Bill that would ban using hand-held devices while driving moves to final passage

NEW ORLEANS, LA (WVUE) - A bill that would affect motorists who use their phones while driving is making it's way through the state legislature.

House Bill 619 would make it illegal to use a hand-held device while driving.

Texting and driving is already against the law, but this new bill would mean you can't even hold a phone in your hand behind the wheel.

"It's a bill to actually protect drivers in our state. Fifteen other states have adopted this law, Georgia was the last one to do it," Representative Mike Huval said.

Huval said he wrote this bill to save lives.

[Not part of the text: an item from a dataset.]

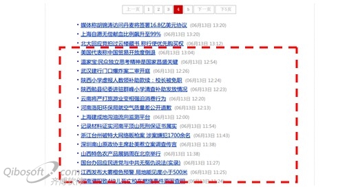 对于按发布时间有序排布在索引页系列的资源链接,如何保证新发布的资源都被收录呢?如上述所说,在18个小时后,图1中的资源链接已经往后有序推移到翻页第4页了,如此看,这段时间内新增了翻页第2,3,4页索引的资源链接,那么,spider就需要完全的收录这些新增的资源;首先,当spider抓取18小时后的第1页时,将新发现的资源链接集合,与上一次18小时前第1页索引页调度记录的资源链接集合作比较,会发现两次调度发现的资源链接没有交集,所以就可能存在漏链。进而需要继续发起第2页的调度,第2页发现的资源链接集合与之仍然没有交集,所以还可能存在漏链,继续发起第3页,第4页的调度,最终如图2所示,红框中的链接与上一次索引页调度记录的资源链接有交集,因此可以断定已经补全了这段时间内新增的资源,从而结束翻页系列的调度,并保证了该翻页系列的所有链接的补全,从而提升搜索产品的收录效果。

"Currently, our state is 49th in the U.S. for the most distracted drivers. We're the seventh-highest for traffic fatalities in the United States," Huval said.

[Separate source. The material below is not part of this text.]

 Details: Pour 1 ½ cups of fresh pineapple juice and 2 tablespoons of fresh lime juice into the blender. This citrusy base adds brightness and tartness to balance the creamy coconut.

He said drivers not paying attention to the road is an issue affecting everyone.

"While working on the house side, I spoke with some members, we've all seen people driving distracted. Driving back and forth from Breaux Bridge every morning," Huval said.

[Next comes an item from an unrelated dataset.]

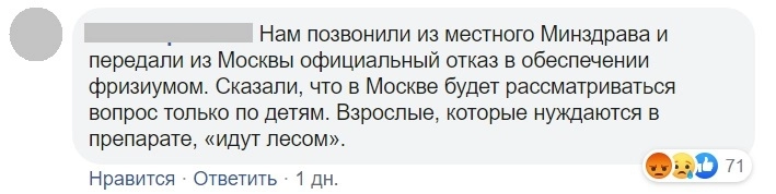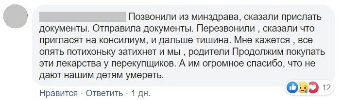 Собеседница «Ридуса» уверена, что все попытки получить препарат легально ни к чему не приведут — «все бесполезно, отчитаются, что всем все закупили, и замнут».

Some who've lost loved ones to distracting driving offered emotional testimonies at a Committee on Transportation, Highways and Public Works Committee meeting.

"I lost my daughter to a driver that was texting the day after Christmas," Suzanne Salter said.

State Commissioner of Insurance Jim Donelon said insurance rates have always been high in the state, but recently spiked, thanks to this growing problem.

"First and foremost is distracted driving. Not only is it sending insurance premiums through the roof, it's also killing motorists in record numbers," Donelon said.

Some think the bill would make for safer roadways.

"It's going to force drivers to be more cautious and it's going to probably stop a lot of accidents from happening, and I'm from California originally so you know, the bill is already passed there," Devohn Moore said.

"I think it's great," Melvin Joseph said, "People will pay more attention to the road instead of their cell phone."

Others are skeptical about enforcement.

"I think it would be too much of a hassle to actually police. I mean, at this point, it's pretty much too far gone. Pretty much everyone uses their phone," Jeremy Ivory said.